The underlying dispute concerns instances of alleged sex discrimination in employment. The D. H. Holmes Company, Ltd. (Holmes, defendant-appellee), a Louisiana corporation which operates nine retail stores and employs approximately 3500 persons, is alleged to have violated certain provisions of Title VII of the Civil Rights Act of 1964 as amended, 42 U.S.C. § 2000e
et seq.
(1970 & Supp. V 1975). The Equal Employment Opportunity Commission (EEOC, plaintiff-appellant) instituted suit under the authority of the Civil Rights Act, § 706(f)(1), 42 U.S.C. § 2000e-5(f)(l) (Supp. V 1975)
and seeks an injunction prohibiting
alleged sex discrimination, an order compelling affirmative action programs, and an award of back pay to “those persons adversely affected.”
There has, of course, been no finding of facts by the court below and we make no intimation here concerning the truth of the matters asserted. But, drawing upon the already voluminous record made pursuant to pre-trial discovery, and, for the purposes of this appeal, construing those documents most favorably to the plaintiff (EEOC), the alleged facts may be stated as follows:
Holmes operates nine stores, is divided into 494 departments, and employs about 3500 workers. In October 1973, a series of incidents occurred which involved employees of the security department (store detectives) at the Lakeside store. Joseph Tardo, Lakeside store
security manager, was transferred to the Oakwood store and replaced at Lakeside by a new security supervisor. On October 15, 1973, his first duty day in his new position, the new Lakeside supervisor allegedly grabbed the arm of Maria Marino, a store detective with some years experience and a subordinate of his. In a second incident, on October 16, 1973, the new supervisor allegedly rubbed his body against Mrs. Marino. Sharon Neidhardt, also a store detective at Lakeside, allegedly witnessed the October 16 incident and was herself a subject of alleged sexual advances by the same supervisor who was said to have drawn her attention to the zipper of his trousers on or about October 22. The two women brought these matters to the attention of upper management. Following an informal investigation, after which the charges were found to be groundless, the Holmes Company discharged the two women.
Mrs. Marino subsequently filed a complaint with the EEOC. She alleged first that the job of Lakeside store security manager should have gone to her on October 15, upon Mr. Tardo’s departure, but that the position was denied her because of her sex. She further alleged that she was fired for having reported to upper management that the new security manager had made improper sexual advances to her.

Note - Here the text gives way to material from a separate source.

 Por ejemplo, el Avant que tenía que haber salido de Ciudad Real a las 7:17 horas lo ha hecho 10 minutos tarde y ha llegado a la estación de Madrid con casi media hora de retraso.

Sharon Neidhardt also filed a complaint with the EEOC. She alleged that she was discharged for having reported that the new security manager had exposed himself to her. She requested and obtained a “right to sue”
letter from the EEOC, retained counsel, and instituted suit against Holmes.

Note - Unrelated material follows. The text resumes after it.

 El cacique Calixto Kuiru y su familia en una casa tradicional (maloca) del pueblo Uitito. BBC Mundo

Neidhardt v. Holmes Co., Ltd.,
No. 72-2395 (E.D.La.) (subsequently consolidated with
EEOC v. Holmes
(Order of the court, dated Jan. 12, 1976), hereinafter referred to as
EEOC v. Holmes Co., Ltd.)
Three other charges have been filed with EEOC. In November 1973, Pamela Clark, a
display artist, filed a charge with EEOC that she had been fired because of her sex. In January 1974, Beverly Saxon, a security department employee at the Canal Street store filed a charge with EEOC alleging that she was being denied promotion because of her sex. Finally, in March 1974, Joseph Tardo, the former security department supervisor at Lakeside whose transfer in October 1973 set in motion the subsequent events of that month and who had just been discharged, filed a complaint with EEOC alleging that his discharge was a result of his having refused to cooperate with Holmes in its defense of Mrs. Marino’s charges during the EEOC investigation.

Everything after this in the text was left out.